Requirement —
Print nothing except the line holding "Title (ebay affiliate" and the lines that come after it in the material below, and leave the pictures out.

Source material —
----

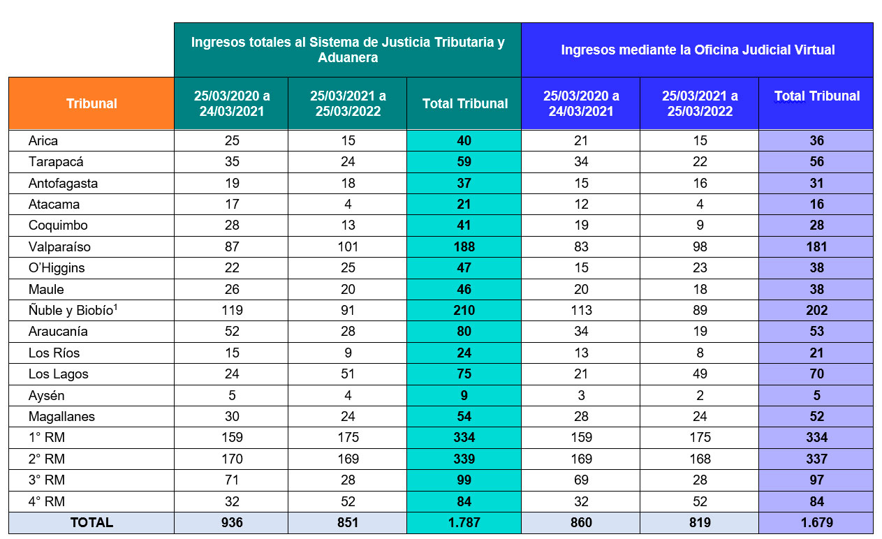 Santiago, 11 de abril. El pasado 25 de marzo de 2022 se cumplieron 2 años desde la entrada en funcionamiento de la Oficina Judicial Virtual, implementada por la Unidad Administradora, en el sitio web de los Tribunales Tributarios y Aduaneros (TTA). Durante este periodo, se registraron 1.787 nuevas causas a nivel nacional, de las cuales un 94%, es decir, 1.679 reclamaciones ingresaron por la modalidad virtual.
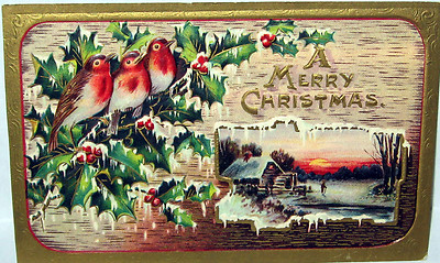 Title (ebay affiliate link): 1910 POSTCARD MERRY CHRISTMAS RED BREAST ROBINS ON HOLLY BERRIES
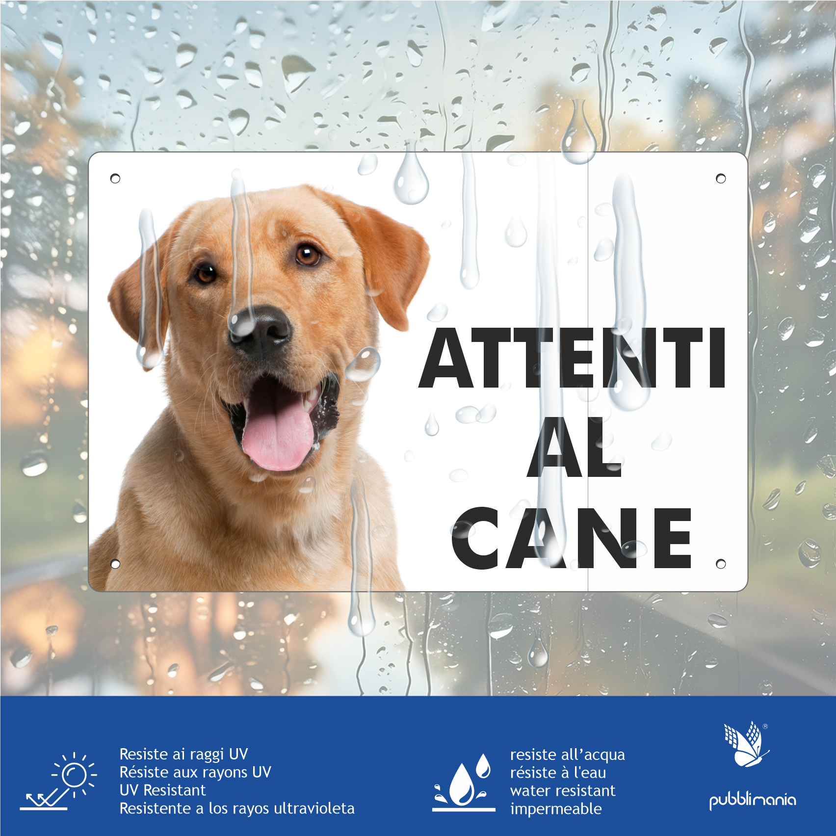 Direkt auf das Trägermaterial mittels UV-Technologie gedruckt – Hergestellt aus Aluminium-Verbundmaterial (zwei Aluminiumschichten mit Polyethylenkern). Äußerst witterungsbeständig, resistent gegen Wasser, Sonne, UV-Strahlung, Staub, Schlamm usw. Das „Vorsicht Hund“-Schild verfügt über vier vorgebohrte Löcher zur Befestigung mit Dübeln, Schrauben oder direkt mit Silikon oder anderen Klebstoffen. Entworfen und gedruckt in Italien von Pubblimania (Synonym für Qualität und Langlebigkeit).
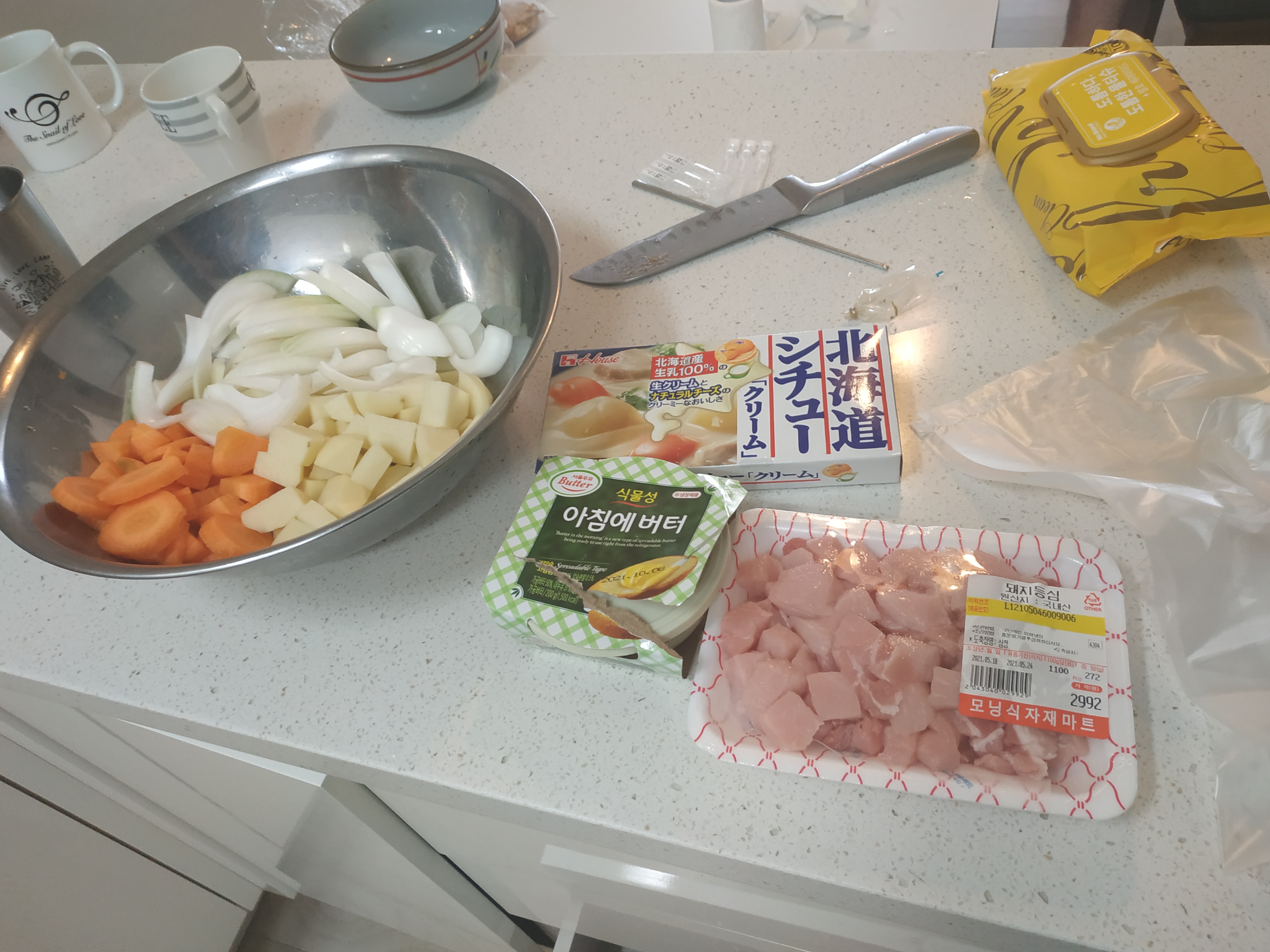 오늘은 일본산 홋카이도 고형 크림스튜 시제품으로 크림스튜를 만들어보려고 하는데요

----

Task answer —
 Title (ebay affiliate link): 1910 POSTCARD MERRY CHRISTMAS RED BREAST ROBINS ON HOLLY BERRIES
 Direkt auf das Trägermaterial mittels UV-Technologie gedruckt – Hergestellt aus Aluminium-Verbundmaterial (zwei Aluminiumschichten mit Polyethylenkern). Äußerst witterungsbeständig, resistent gegen Wasser, Sonne, UV-Strahlung, Staub, Schlamm usw. Das „Vorsicht Hund“-Schild verfügt über vier vorgebohrte Löcher zur Befestigung mit Dübeln, Schrauben oder direkt mit Silikon oder anderen Klebstoffen. Entworfen und gedruckt in Italien von Pubblimania (Synonym für Qualität und Langlebigkeit).
 오늘은 일본산 홋카이도 고형 크림스튜 시제품으로 크림스튜를 만들어보려고 하는데요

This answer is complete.